The Canadian Constitution Foundation is thrilled to announce that Pandemic Panic: How Canadian Government Responses to COVID-19 Changed Civil Liberties Forever by CCF Executive Director Joanna Baron and CCF Litigation Director Christine Van Geyn is shortlisted for the prestigious Donner Prize.

Pandemic Panic, which made the best-seller lists on the Globe and MailToronto Star and Amazon.ca, presents a critical and comprehensive assessment of the impact of the pandemic on civil liberties.

“This book is a record of what happened to our rights during the pandemic, from a perspective that civil liberties matter,” said Baron. “The response of many people to the pandemic has been to forget a lot of things – strange, irrational and also oppressive things – that the government did.”

“We are so honoured to be recognized as a shortlisted book for the prestigious Donner Prize,” CCF Litigation Director and Pandemic Panic co-author Christine Van Geyn said. “We are thrilled with the positive critical reception that Pandemic Panic received and want to congratulate the authors of all the other shortlisted books.”

Pandemic Panic is a crucial record of the civil liberties impact that the COVID-19 pandemic had in Canada, and the only one of its kind,” Van Geyn added. “We want to thank the Donner Prize for this honour, and thank all of our thousands of supporters across Canada who bought the book.”

The book was published in November by Optimum Publishing International.
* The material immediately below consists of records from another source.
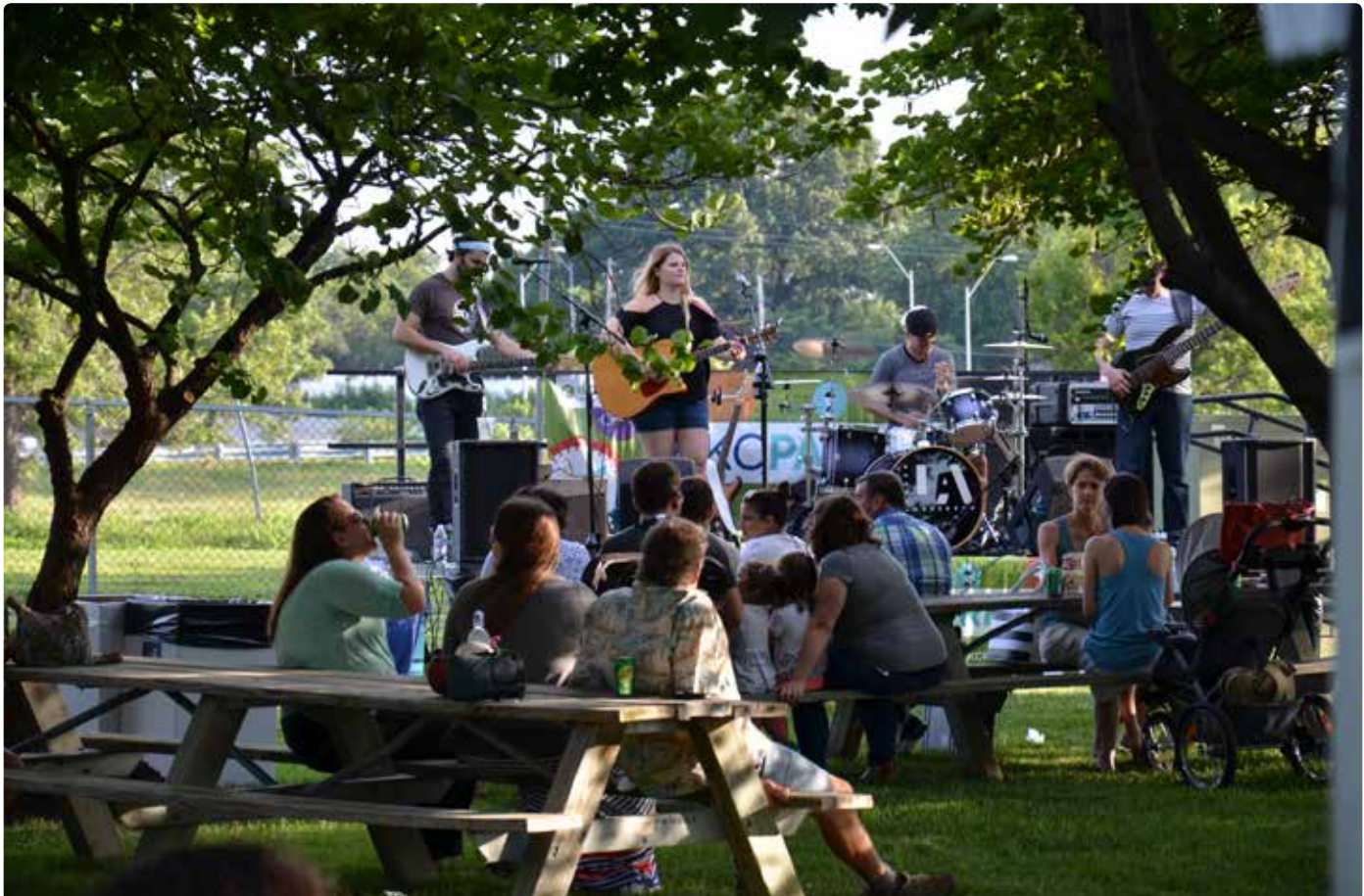
Feast of Fountains

1 Million+ Thank You Event at the Kansas City Zoo in Swope Park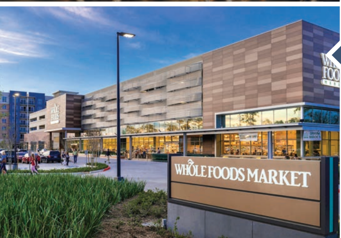
WHOLE FOODS MARKET®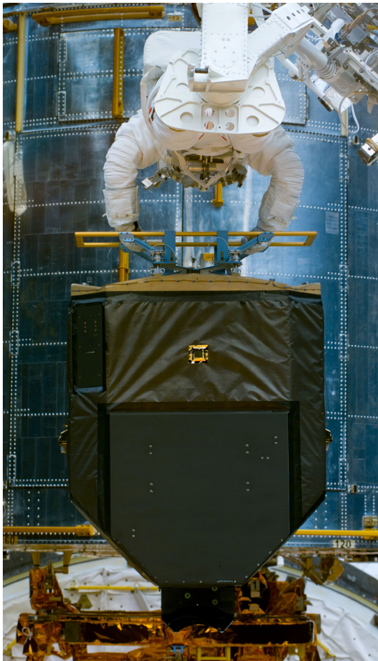
Astronaut Joseph Tanner stows one of Hubble's original Fine Guidance Sensors for return to Earth during Servicing Mission 2.

Launched into Earth orbit in 1990, the Hubble Space Telescope has three Fine Guidance Sensors (FGSs). Subsequently, two of the FGSs were replaced by refurbished sensors during servicing missions. The third FGS is the original sensor.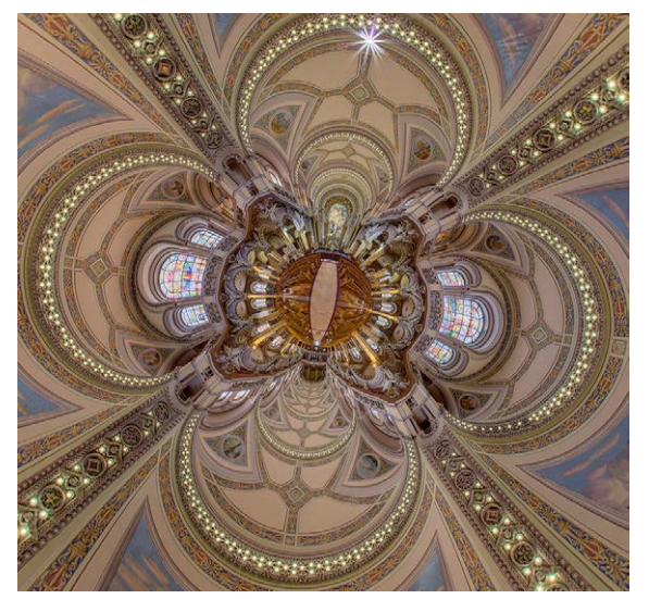
Fig. 1. Stereographic Projection of Saint Anthony of Padua Church in New Bedford, Massachusetts. ©2020 Seth Thompson, Author.

argued that 360° panoramic photography's twodimensional image projections mirror other geometry-based artistic practices such as Islamic pattern design. Using this author's ongoing project Sacred Spaces of New England and Hans Belting's book Florence and Baghdad: Renaissance Art and Arab Science as starting points, this paper compares and contrasts Islamic visual theory with Western pictorial tradition and examines Islamic pattern design drawing to root this author's 360° panoramic photography's two-dimensional image projections of sacred spaces into an artistic tradition, resulting in a body of work that is a conceptual hybrid of two seemingly disparate techniques-represented cultural geometry and representational geometry (figure 1).

It features a foreword by Preston Manning.

“If we forget history, it will repeat itself and the government can violate our rights with impunity. Reading this book will help to ensure those violations do not happen again, or if governments attempt them, there will be an informed citizenry to push back,” remarked Van Geyn.

Readers will learn what went wrong during the pandemic from the nuanced perspective of constitutional experts – when government reactions were over the top, and when the courts failed to correct government overreach. The book presents a balanced perspective, which allows readers to come to their own conclusions.

The Donner Prize recognizes the best public policy thinking, writing and research by a Canadian.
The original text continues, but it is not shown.